La venganza es el tema común que une los seis episodios de Relatos salvajes. La pasión que hermana a estos hombres y mujeres traicionados por los seres queridos, o insultados por los seres ajenos, que deciden prescindir de la justicia para traer de nuevo el equilibrio a la galaxia, como caballeros Jedi muy preocupados por los caminos de la Fuerza.

    La primera venganza de Relatos salvajes se sirve en un plato muy frío, casi helado, tras varios años de permanecer guardada en el congelador. El desquite del tal Pasternak es casi un genocidio, una auténtica barbaridad,  pero en el fondo tiene algo de civilizado, de ser humano con pretensiones. Casi diríamos que tiene estilo, y hasta un poco de arte, y de guasa, como si su autor hubiera decidido pasar a la posteridad legando una venganza como Dios manda, de las del Antiguo Testamento, calculada con una paciencia infinita de años y ejecutada con una pericia de ingeniero. El producto criminal de un auténtico homo sapiens que ha seguido los rectos caminos de la evolución.

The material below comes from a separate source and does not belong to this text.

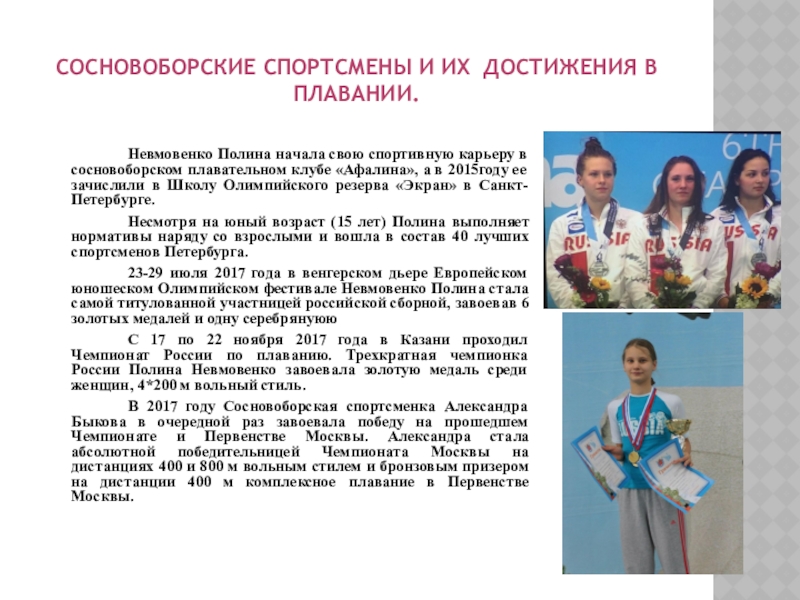 Слайд 8Сосновоборские спортсмены и их достижения в плавании.

    Las otras venganzas, en cambio, tienen algo de mono muy básico que devuelve el golpe, lanzando un coco, o blandiendo un hueso. Son impulsos que surgen casi en el momento, calientes, como volcanes de mal genio que brotan del subsuelo. Son, propiamente, los relatos salvajes de la película, por selváticos, por sabanescos. Lo que viene a decirnos Damián Szifron, el director de la función, es que por debajo del maquillaje, de la capa de cemento y asfalto que cubre nuestra civilización, bulle el magma primario de los animales. Caminamos vestidos, repeinados, muy educaditos gracias a los colegios, pero en el fondo no somos más que un puñado de instintos. Los cinco millones de años que nos separan del macaco nos han ayudado a disimular nuestros impulsos, a contenerlos, a administrarlos. A abrir la espita sólo de vez en cuando, cuando nadie nos ve, o el peligro está bajo control. La civilización no es más que una contención, o un disimulo.